I've always been a big Joy Division fan and I was quite touched by the film. I thought it captured Joy Division and Ian Curtis' life beautifully. The sincerity of their music combined with their imagery and art is like nothing else. Everything about them was artistic and unique. Our artwork and song is a tribute to a melancholic beauty that can never be replicated.

==Music video==
The music video for "Help Me", directed by Josh Forbes, depicts the band in a steampunk setting driving a locomotive through the Southwestern United States. Singer/bassist Dan Andriano notices another locomotive approaching on a collision course, driven by a villain and with a damsel in distress (played by Kat Von D) tied to its pilot. Drummer Derek Grant pilots a monowheel device to activate a railroad switch, causing the two locomotives to run parallel. The battle takes to the sky as Skiba rescues the damsel with the aid of a jet pack while the villain's locomotive becomes an airplane and the band's becomes an airship emblazoned with their logo. Skiba evades the villain by flying through a narrow opening in a canyon wall which the villain's aircraft crashes into.
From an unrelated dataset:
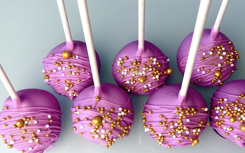 Decadent cake lollipop on a stick! These pretty desserts are cake mixed with Buttercream and enrobed in couverture chocolate and decorated with sprinkles.

The video makes heavy use of computer-generated imagery and is interspersed with footage depicting the band performing the song on a rooftop.

==Track listing==

Side A
| No. | Title | Writer(s) | Length |
|---|---|---|---|
| 1. | "Help Me" | Matt Skiba, Dan Andriano, Derek Grant | 3:45 |

Side B
| No. | Title | Writer(s) | Length |
|---|---|---|---|
| 1. | "Wake Up Exhausted" (originally performed by Tegan and Sara) | Sara Quin, Tegan Quin | 3:08 |
| Total length: |  |  | 6:53 |

==Personnel==
===Band===
- Matt Skiba – guitar, lead vocals
- Dan Andriano – bass, backing vocals
- Derek Grant – drums

===Production===
- Josh Abraham – producer on "Help Me"
- Ryan Williams – engineer on "Help Me"
- Ted Jensen – mastering on "Help Me"
- Jim Devito – engineer on "Wake Up Exhausted"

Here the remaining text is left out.